Getting Started

Table of Contents
Part 1: Concepts
- Introduction
- What is train data?
- Why do we need to balance train data?
- What does "balancing data" actually look like in practice?
- Do we also need to balance test data?
- Evaluation metrics for imbalanced test data
Part 2: Code
- Setup
- Initial feature engineering
- Model purpose transformation
- Addressing categorical features
- Train test split
- Data balancing
- Models
- What if we balance the test data?
- Conclusion
- Resources
Part 1: Concepts
1. Introduction
The goal of this post is to teach python programmers why they must have balanced data for model training and how to balance those data sets. Often times, in machine learning classification problems, models will not work as well and be incomplete without performing data balancing on train data. This post will serve as an end-to-end guide for solving this problem.
2. What is train data?
Before running a model, you need to fit the model on a set of data that is distinct from the data you test it on. In other words, if you create a model based on one pool of data and run that same pool of data back through the model, and the model performs well, you likely haven’t built anything exciting or proven anything. Therefore, a common way to generate extra data is to cut off a random segment of the total data, and use the remaining data for model training and go back to the cut off (and smaller) set of data for model validation purposes.
3. Why do we need to balance train data?
I am a strong believer in using extreme examples to prove points. In this case, I’d like to provide the following example to demonstrate why data balance matters in classification algorithms: say you are trying to predict whether a certain disease is likely to occur for a given person. Let’s focus on the output here, meaning the y-value we are trying to predict via our numerous features. Make up all the features you want to use as they won’t matter in a second. If we had 500 data points and 499 showed healthy people while 1 showed a diseased person and our model had 100% accuracy… well it doesn’t prove a whole lot. In fact, it proves just as much as a 99.99% accurate model where the one error was in the diseased person predicted as healthy. Having a 499-to-1 distribution of data points just doesn’t cut it as we don’t have the required level of data to develop an understanding of what may lead to disease. Balancing data gives us the same amount of information to help predict each class and therefore gives a better idea of how to respond to test data.
4. What does "balancing data" actually look like in practice?
There are a couple ways to think through balancing data. I will talk about three in particular. I’ll start by discussing the ideas here and later share the coding process.
Example data:
10 rows of data with label A.
12 rows of data with label B.
14 rows of data with label C.
Method 1: Under-sampling; Delete some data from rows of data from the majority classes. In this case, delete 2 rows resulting in label B and 4 rows resulting in label C.
Limitation: This is hard to use when you don’t have a substantial (and relatively equal) amount of data from each target class.

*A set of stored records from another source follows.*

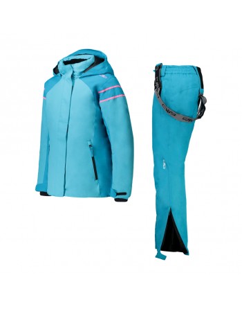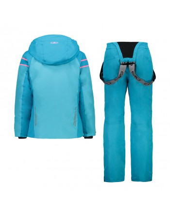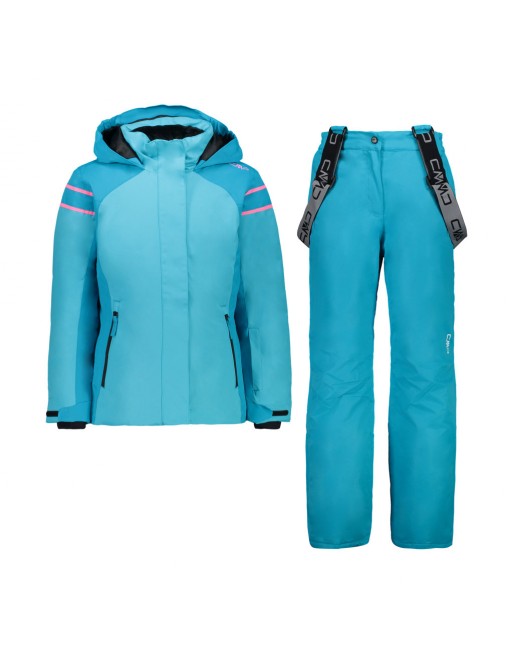 Completo neve per bambina composto da giacca con cappuccio staccabile più pantaloni con bretelle.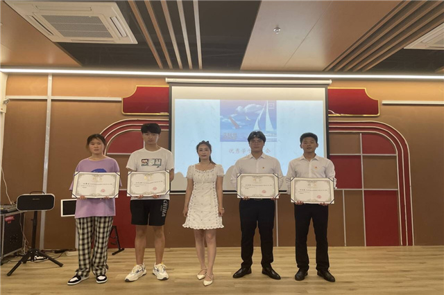 分享会临近结尾,院学生会指导老师王晨歌、学生工作处老师吴靖为2021年资助诚信教育活动月中获奖的同学颁发荣誉证书。大学生资助管理中心干事华维为2019级资助大使颁发聘书并一同合影留念。相信这是对同学们的鼓励,也是对他们的督促。
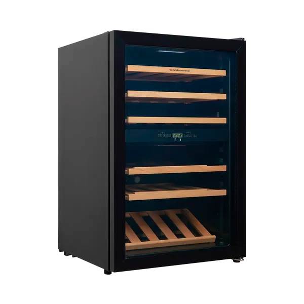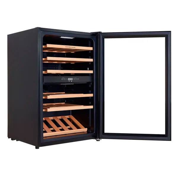 De bøgetræshylder og det digitale temperaturdisplay giver et eksklusivt look og præcis styring, mens den vendbare dør gør det nemt at tilpasse vinkøleren til dit køkken eller barområde.

Method 2: Copy rows of data resulting minority labels. In this case, copy 4 rows with label A and 2 rows with label B to add a total of 6 new rows to the data set.
Limitation: I think the limitation here is pretty clear. All you are really doing is copying current data and you don’t really present anything new. You will get better models, though.
Method 3: (SMOTE – Synthetic Minority Oversampling Technique) Synthetically generate new data based on implications of old data. Basically, instead of deleting or copying data, you use the current inputs to generate new input rows that are unique but will have a label based on what the original data implies. In the case above, one simple way to think of this idea would be to add 4 rows with label A to the data where the inputs represent total or partial similarities in values to current input features. Repeat this process for 2 rows of label B as well.
Limitation: If two different class labels have common neighboring examples, it may be hard to generate accurate data representing what each unique label may look like from the input side and therefore SMOTE struggles with higher dimensionality data (Lusa, L and Blagus, R, 2013).
5. Do we also need to balance test data?
Usually, this is something we don’t do. You can sometimes upsample test data anyway just to see if your model works well on minority classes as well. What’s most important to keep in mind is that you don’t want to upsample data and only then do a data split into train and test set. This will likely result in having elements of train data copied perfectly into test data and artificially boost your model scores. The only time you would ever upsample test data is after a data split, just like you only perform data balancing on train data.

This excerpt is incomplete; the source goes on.